● **INFORMATION SHOWN**:

--------

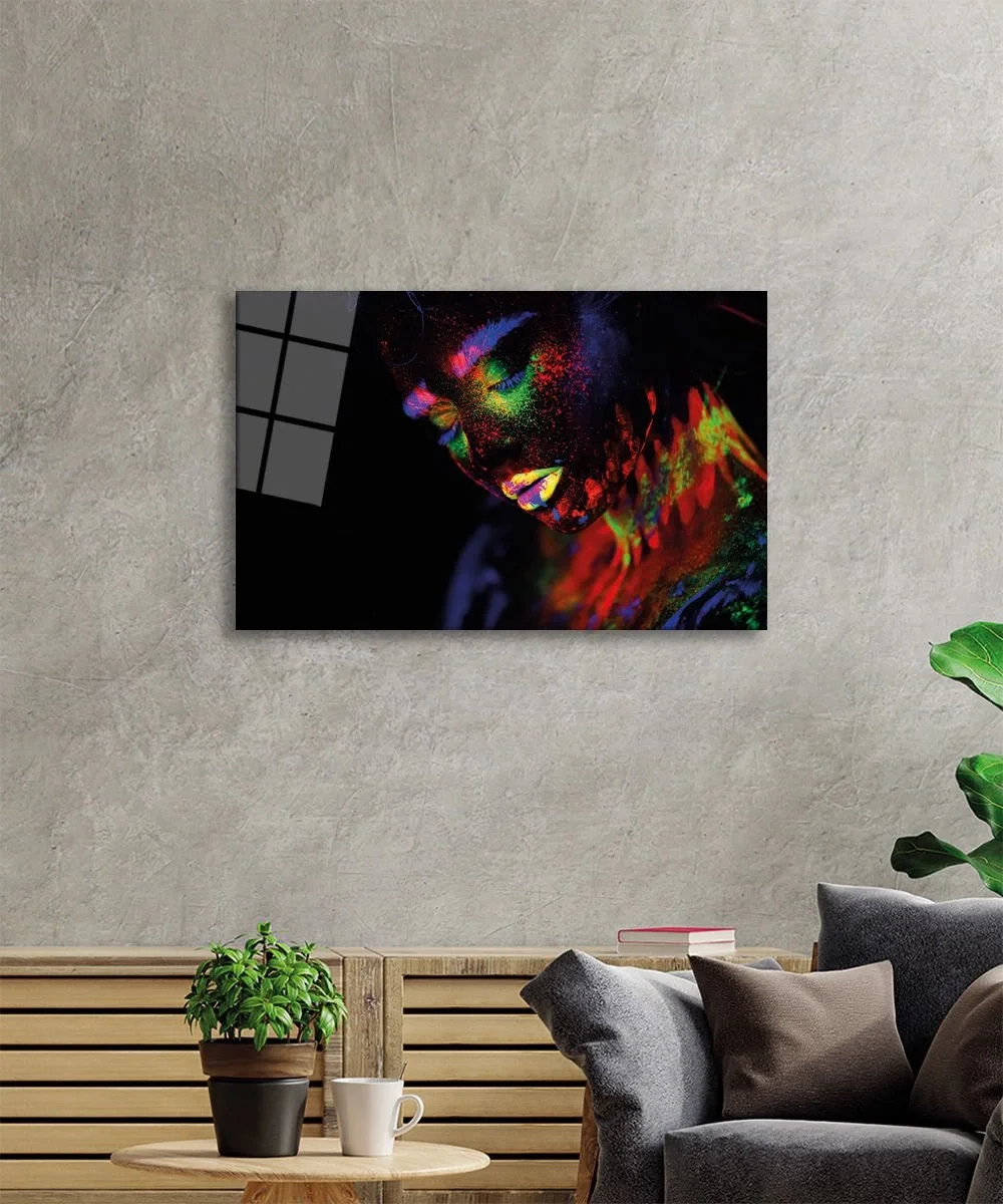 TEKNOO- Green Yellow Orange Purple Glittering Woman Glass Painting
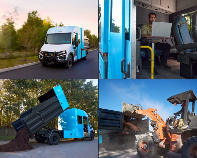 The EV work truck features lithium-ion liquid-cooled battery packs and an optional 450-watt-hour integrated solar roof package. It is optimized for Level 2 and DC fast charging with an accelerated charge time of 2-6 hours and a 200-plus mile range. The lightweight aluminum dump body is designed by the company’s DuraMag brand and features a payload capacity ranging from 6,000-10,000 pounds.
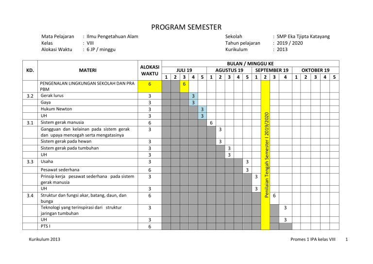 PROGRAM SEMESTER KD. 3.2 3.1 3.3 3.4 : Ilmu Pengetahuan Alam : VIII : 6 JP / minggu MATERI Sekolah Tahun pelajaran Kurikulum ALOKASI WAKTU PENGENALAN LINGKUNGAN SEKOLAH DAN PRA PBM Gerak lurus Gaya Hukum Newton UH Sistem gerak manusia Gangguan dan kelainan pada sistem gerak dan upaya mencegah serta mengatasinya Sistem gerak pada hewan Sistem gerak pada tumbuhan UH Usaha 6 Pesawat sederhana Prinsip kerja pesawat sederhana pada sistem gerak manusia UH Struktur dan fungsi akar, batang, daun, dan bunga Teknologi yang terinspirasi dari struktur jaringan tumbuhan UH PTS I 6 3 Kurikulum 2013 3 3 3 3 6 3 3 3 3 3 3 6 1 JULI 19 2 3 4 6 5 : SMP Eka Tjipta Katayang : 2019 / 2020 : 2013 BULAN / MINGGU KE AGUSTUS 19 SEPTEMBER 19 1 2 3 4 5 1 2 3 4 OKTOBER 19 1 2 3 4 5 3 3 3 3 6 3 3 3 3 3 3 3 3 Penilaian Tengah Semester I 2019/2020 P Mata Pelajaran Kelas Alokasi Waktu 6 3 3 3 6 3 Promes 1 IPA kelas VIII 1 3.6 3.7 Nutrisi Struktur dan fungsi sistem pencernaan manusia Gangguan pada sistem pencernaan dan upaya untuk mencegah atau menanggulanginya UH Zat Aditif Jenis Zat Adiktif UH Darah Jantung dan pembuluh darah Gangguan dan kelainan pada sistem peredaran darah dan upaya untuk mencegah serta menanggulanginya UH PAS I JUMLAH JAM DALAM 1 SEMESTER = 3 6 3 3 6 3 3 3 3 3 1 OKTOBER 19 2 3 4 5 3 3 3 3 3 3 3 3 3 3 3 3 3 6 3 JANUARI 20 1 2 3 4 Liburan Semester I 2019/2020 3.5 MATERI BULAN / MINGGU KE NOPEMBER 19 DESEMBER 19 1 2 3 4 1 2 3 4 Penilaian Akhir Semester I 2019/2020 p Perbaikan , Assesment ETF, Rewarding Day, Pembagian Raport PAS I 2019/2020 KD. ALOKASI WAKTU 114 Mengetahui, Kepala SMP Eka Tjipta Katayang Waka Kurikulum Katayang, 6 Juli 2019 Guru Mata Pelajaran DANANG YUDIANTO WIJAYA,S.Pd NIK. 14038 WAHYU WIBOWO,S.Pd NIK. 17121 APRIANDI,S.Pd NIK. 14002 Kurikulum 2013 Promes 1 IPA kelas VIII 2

--------

● **DIRECTIONS FOR THIS TASK**: Give again exactly the lines running from the beginning of the material above through the line that contains "The EV work", and leave out every picture.

● **SOLUTION FOR THIS EXERCISE**:
 TEKNOO- Green Yellow Orange Purple Glittering Woman Glass Painting
 The EV work truck features lithium-ion liquid-cooled battery packs and an optional 450-watt-hour integrated solar roof package. It is optimized for Level 2 and DC fast charging with an accelerated charge time of 2-6 hours and a 200-plus mile range. The lightweight aluminum dump body is designed by the company’s DuraMag brand and features a payload capacity ranging from 6,000-10,000 pounds.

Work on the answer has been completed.